Changing the Menu - or not

Changing a menu of an existing restaurant can be a difficult task. The chef who has developed the menu, the manager and the customers - all have a stand and all are used to the existing one and might be uncomfortable with any changes. So, why would I suggest to change a menu then?

It all depends on how long the menu is in place, how it has evolved (or not) over time and if it still has a fresh feel to it. Restaurants are not only defined by the food served, decor or furniture. It is also defined by the customers & diners. If you are starting a new restaurant, you have free reign but if the restaurant has already a faithful followership, you need to be careful not to alienate these diners.

I am like most people - a creature of habit (in some restaurants I always order the same dishes) and I don't like drastic changes to my favourite restaurants. The old familiar is comfortable and soothing but can tend to be boring. Will it entice new diners to return, does it make diners to talk about the food in the restaurant to their friends and families? Will customers go out of their way to visit the restaurant?? I doubt it. It might be alright when I am passing to pop in for a quick bite to eat but would I consider a visit when I am planning a night out with friends and we are discussing where to go for a nice meal?

So, how does one go about it to introduce changes? Small steps, small changes at a time. I am working with a client at the moment and we were discussing changes in his restaurant and he was quite open when it came to implementing processes & guidelines to guarantee standards and consistency but we had a bit of a dead pass when it came to the menu. Dishes are rotated on a regular basis over several weeks that is should create the feel of a regular changing menu. This can work for quite some time but it can also prevent a menu to evolve with time & trends.

Working with the chef is key here. Bringing ideas to the table and getting input from the kitchen team is necessary to introduce small changes. My ideas might be great and innovative but do I really know the existing diners? My job is to suggest, plan and implement with the help of the entire team. I know food, trends and the general diner - the team knows the regular customers. Bringing both expertise together should result in a synergy that will bare fruit to amazing ideas. I am looking forward to seeing these changes happening and being part of it.

Monday, December 8, 2014

Looking in from the outside

You might not know but I am consulting on a few local restaurant and food businesses and it is great fun, meeting all these amazing people who are dedicated and hard working and have a passion for what they do.

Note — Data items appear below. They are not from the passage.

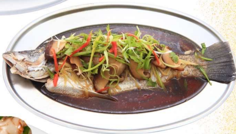
醬油蒸魚 Snapper steamed with soy sauce 450
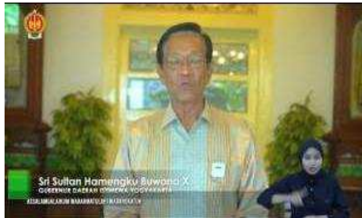
Figure 7. Speech and Welcome from Sri Sutan Hamengku Buwono X

such as the Governor of Yogyakarta, Regent, Members of Parliament, Regional Secretary (alumni of the Loka Ghana school) and others, as well as the surrounding community.
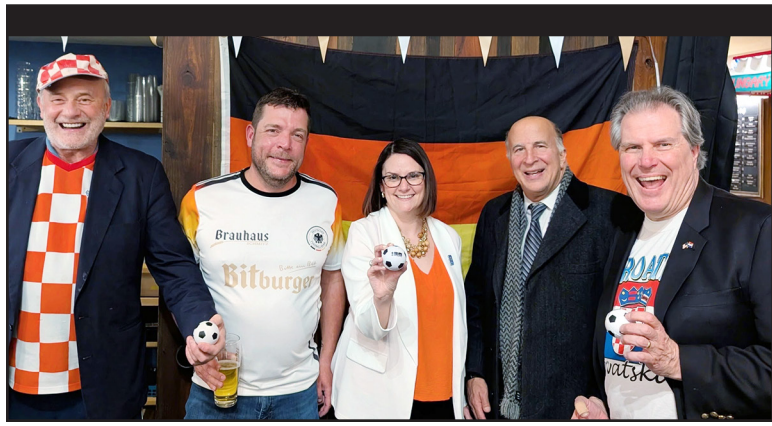
CROATIAN COMMUNITY LEADERS gather at Brauhaus Schmitz to celebrate Croatia and France and spotlight the "How Do You Phan" fan initiative ahead of the 2026 FIFA World Cup.

I am currently working with a local business that is kind of an institution - I am going here for years and love the laid back atmosphere, the feel that time just stops here and that I am not hurried out to make space for the next guest. The menu rotates regularly with favorites being always on the menu. So if you came regularly, you would know the menu and when what special would be on. Nothing wrong with that but the time has come to adapt to the changing dining market.
Teamwork is essential for success

And this is where the challenge for me and the team lays. You still want the feel of the place to stay the same, want to keep existing diners but need to attract new ones. Food trends need to be considered and of course special dietary requirements need to be transformed into tasty dishes. And all that while a hard working team is unsure if they will like the changes and how guests will react.

What I have to keep in mind is that everyone has a comfort zone and it is not easy to penetrate this zone (I know just too well as I have my own comfort zone and protect it when endangered). Tact and diplomacy is the key here. Trying to convert skeptics into believers - the chef who has worked hard on the menu, the restaurant manager who is worried on being left out and the staff who work hard behind the scenes - is the key to create a team that works towards a common goal.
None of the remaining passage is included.